Blog

Fine-tuning LLMs yourself

Jeroen Overschie

September 29, 2025
9 minutes

Why fine-tune?

Large Language Models (LLMs) are impressive generalists. They perform increasingly well on a wide range of tasks; achieving human-level or even superhuman-level performance on many benchmarks. However, being good at everything can come at a cost. These so-called Foundation models have billions of parameters and require a vast amount of GPUs to train- or run. Unaffordable for most - so we consume LLMs from APIs instead - which comes with its own considerations like cost, privacy, latency or vendor lock-in. This is not the only option. When only specialist capabilities are required, generalist capabilities can be sacrificed in favor of domain-specific knowledge, allowing us to get away with smaller models. Smaller models require less compute and can achieve similar- or even better performance than larger models on specific tasks [1]. With enough data available, we can specialise existing models ourselves. This is fine-tuning.

What is fine-tuning?

Fine-tuning is a process where we take a pre-trained model and continue training it on a new dataset, typically with a smaller learning rate. This allows the model to adapt to the specific characteristics of the new data while retaining the general knowledge it gained during the initial training. In practice, this often involves further training the top layers of the model while freezing the lower layers, which helps to preserve the learned features from the original training.

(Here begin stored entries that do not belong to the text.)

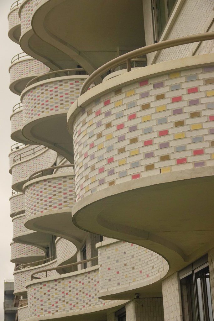 Voor mij zijn het de golvende balkons en de gekleurde stenen daarin.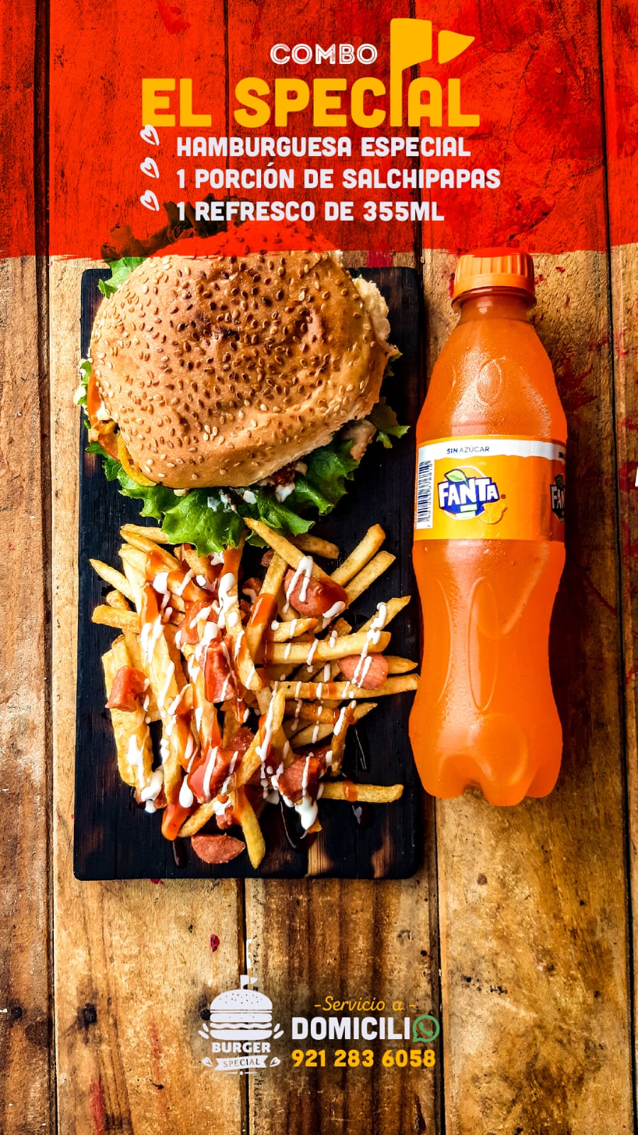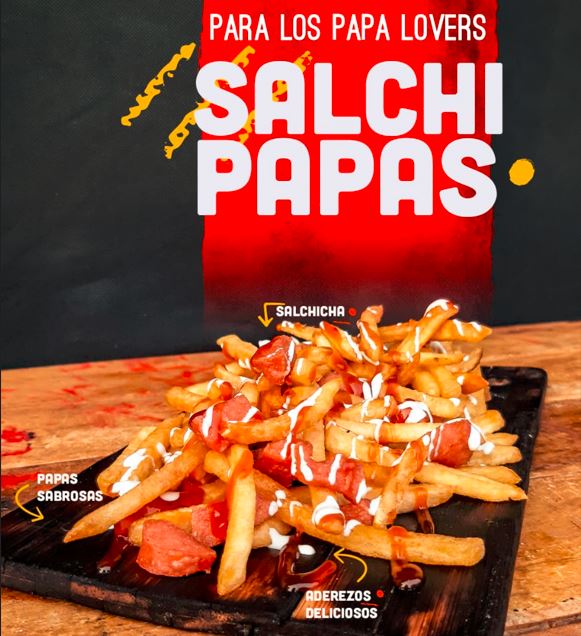 jamon, carne, queso, cebolla, salchicha para asar, tomate, piña, crema chimichurri y queso de hebra. Incluye una porción de salchipapas y refresco de 355 ml.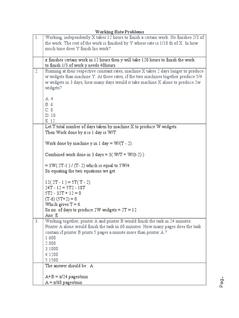 Work Rate Problems and Solutions | PDF | Printer (Computing) | Teaching ...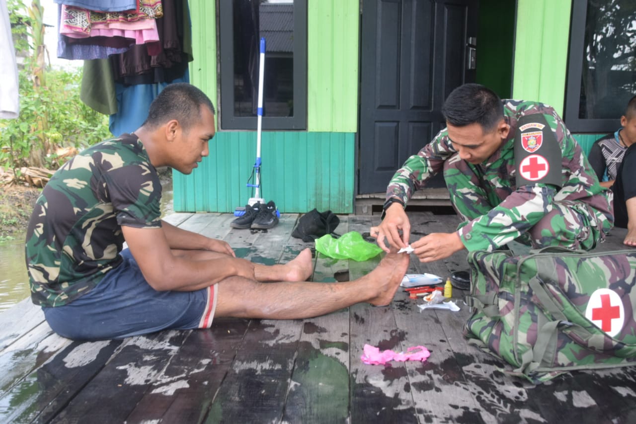 Serda Okie dari tim kesehatan yang juga tergabung dalam Satgas TMMD Kodim 1007/Banjarmasin dengan cepat mengobati luka ringan Prada Akmal. Korban mengalami kecelakaan terpeleset saat mengerjakan jembatan yang merupakan sasaran fisik TMMD tersebut.

So, how to finetune ourselves? Let's figure that out!

How to finetune yourself ✓✓

Enough talking! Let's get practical. Let's fine-tune a model on our own hardware. We have access to the following setup:

  • HP Z8 Fury
  • 3x NVIDIA RTX 6000 Ada GPUs

Our goal is: to finetune a model and benchmark it with MMLU Pro, math category.

So in order to start fine-tuning, we need to decide on the following:

1. Fine-tuning framework: Axolotl

There are several fine-tuning frameworks: Axolotl, Unsloth and torchtune. We choose Axolotl for its ease of use and its rich out-of-the-box examples.

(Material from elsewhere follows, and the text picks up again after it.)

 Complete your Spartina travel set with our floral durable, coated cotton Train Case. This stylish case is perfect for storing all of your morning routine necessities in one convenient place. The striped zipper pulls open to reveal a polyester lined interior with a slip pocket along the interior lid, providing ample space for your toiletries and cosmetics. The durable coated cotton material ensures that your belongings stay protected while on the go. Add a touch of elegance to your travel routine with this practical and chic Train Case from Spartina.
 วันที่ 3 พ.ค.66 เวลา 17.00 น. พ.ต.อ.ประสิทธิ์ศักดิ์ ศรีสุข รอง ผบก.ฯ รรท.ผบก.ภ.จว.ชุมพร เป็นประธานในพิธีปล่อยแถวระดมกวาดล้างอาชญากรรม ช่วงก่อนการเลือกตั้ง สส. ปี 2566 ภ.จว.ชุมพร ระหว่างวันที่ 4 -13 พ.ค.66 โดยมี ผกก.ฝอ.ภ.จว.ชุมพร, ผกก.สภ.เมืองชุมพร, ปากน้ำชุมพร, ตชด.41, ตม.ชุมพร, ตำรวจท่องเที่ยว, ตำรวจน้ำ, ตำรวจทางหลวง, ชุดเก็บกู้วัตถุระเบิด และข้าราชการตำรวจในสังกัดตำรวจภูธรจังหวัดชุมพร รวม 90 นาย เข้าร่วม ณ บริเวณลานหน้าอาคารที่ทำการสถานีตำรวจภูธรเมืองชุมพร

In Axolotl's first fine-tune example, you only need to execute a one-line command to fine-tune a Llama3.2 model:

axolotl train examples/llama-3/lora-1b.yml

The fine-tuning dataset and method are all defined in the YAML file.

2. Model choice

The first question we asked is how large a model can we fine-tune given 3 GPUs. One NVIDIA RTX 6000 Ada GPU has 48 GB, so in total we have around 150 GB.

Under the hood, Accelerate is used. We need to figure out, however, how big of a model we can train on the available GPUs. To calculate the memory usage based the amount of model parameters, Zachary Mueller's slides offer a convenient formula.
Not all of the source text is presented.